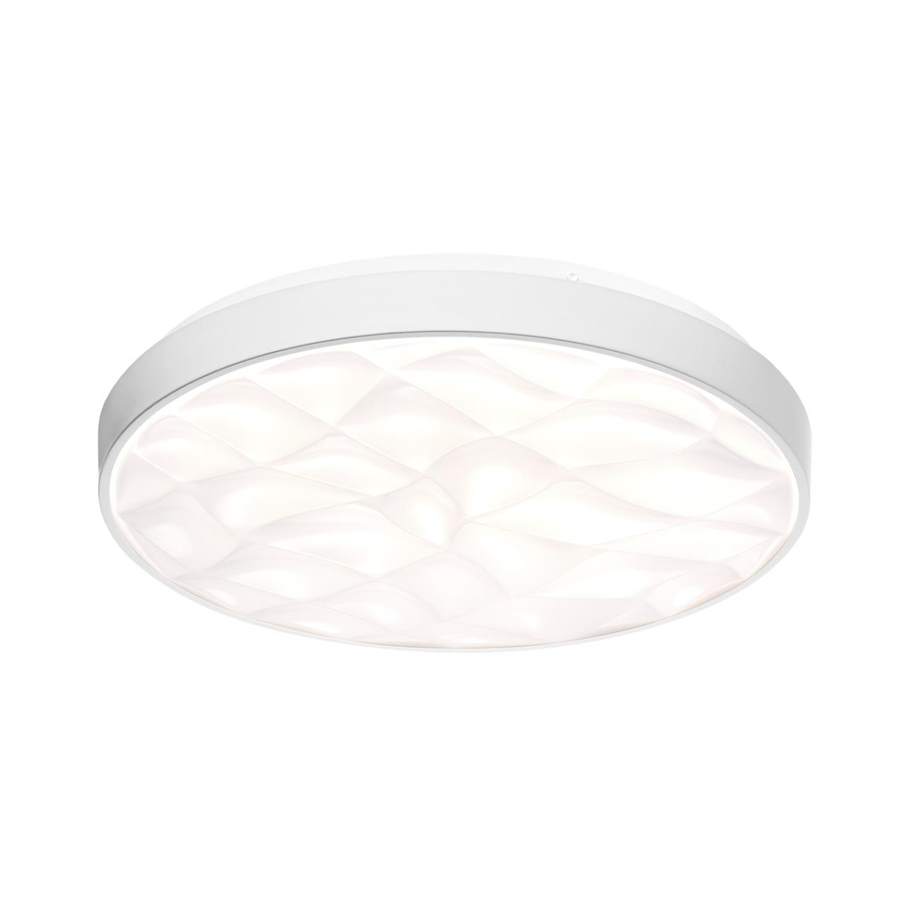 Светильник 7672/ELN линии GITUM состоит из металлического основания (базы) и пластикового рассеивателя. Материал рассеивателя - высококачественный пластик марки PMMA 2.0 белого цвета с матовой поверхностью. Пластик обеспечивает светильнику равномерное рассеивание и хорошее светопропускание. Форма плафона: круглая, декорирована рельефной структурой и ободом из пластика белого цвета. Степень защиты IP43 позволяет использовать светильник в определенных зонах влажных помещений. В комплект входит LED модуль с линзами, мощностью 76Вт, которая соответствует лампе накаливания 740Вт. А также переключатель температуры цвета (ССT) на драйвере, с помощью которого осуществляется изменение цветовой температуры 3000/4000/6000К и переход светильника в режим теплого/белого/холодного света. Для установки необходимого режима рекомендуется использовать удлиненный тонкий предмет типа небольшой отвертки.
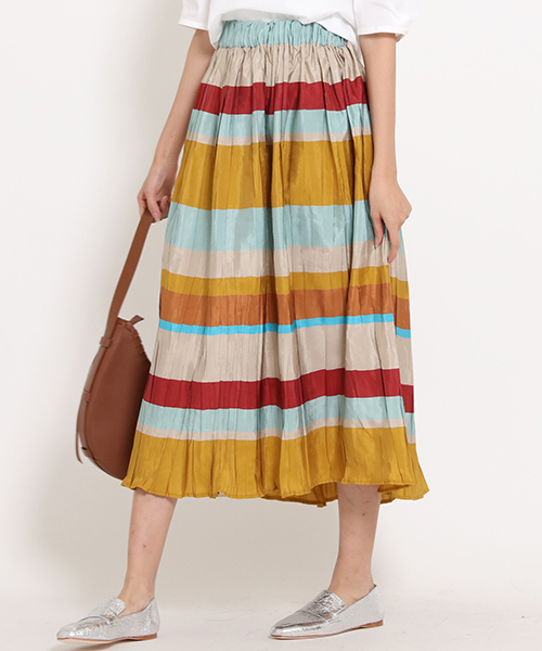 イタリアの素材メーカー「BONOTTO」社の素材を使用したボーダーロングスカート。絶妙なプリーツに日本ではなかなか出せない配色使いは、さすがと言わざるを得ない逸品です。トレンドの膝下丈感のスカートは、1枚で主役級になれるアイテムです。 ぺチコート付き(ペチコートは本体から取り外し可能です。)
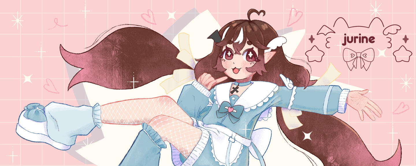 Seja bem-vindo ao meu site!Muito prazer, eu sou a Jurine, uma meia-vampira vegetariana que faz lives, desenha e ama animaizinhos! Aqui você vai encontrar curiosidades sobre mim, minhas redes sociais, artes e informações sobre commissions! 𖹭
+++++
__Instructions to follow__
Please set down the whole listing above exactly and skip every picture.

__The answer__
 Светильник 7672/ELN линии GITUM состоит из металлического основания (базы) и пластикового рассеивателя. Материал рассеивателя - высококачественный пластик марки PMMA 2.0 белого цвета с матовой поверхностью. Пластик обеспечивает светильнику равномерное рассеивание и хорошее светопропускание. Форма плафона: круглая, декорирована рельефной структурой и ободом из пластика белого цвета. Степень защиты IP43 позволяет использовать светильник в определенных зонах влажных помещений. В комплект входит LED модуль с линзами, мощностью 76Вт, которая соответствует лампе накаливания 740Вт. А также переключатель температуры цвета (ССT) на драйвере, с помощью которого осуществляется изменение цветовой температуры 3000/4000/6000К и переход светильника в режим теплого/белого/холодного света. Для установки необходимого режима рекомендуется использовать удлиненный тонкий предмет типа небольшой отвертки.
 イタリアの素材メーカー「BONOTTO」社の素材を使用したボーダーロングスカート。絶妙なプリーツに日本ではなかなか出せない配色使いは、さすがと言わざるを得ない逸品です。トレンドの膝下丈感のスカートは、1枚で主役級になれるアイテムです。 ぺチコート付き(ペチコートは本体から取り外し可能です。)
 Seja bem-vindo ao meu site!Muito prazer, eu sou a Jurine, uma meia-vampira vegetariana que faz lives, desenha e ama animaizinhos! Aqui você vai encontrar curiosidades sobre mim, minhas redes sociais, artes e informações sobre commissions! 𖹭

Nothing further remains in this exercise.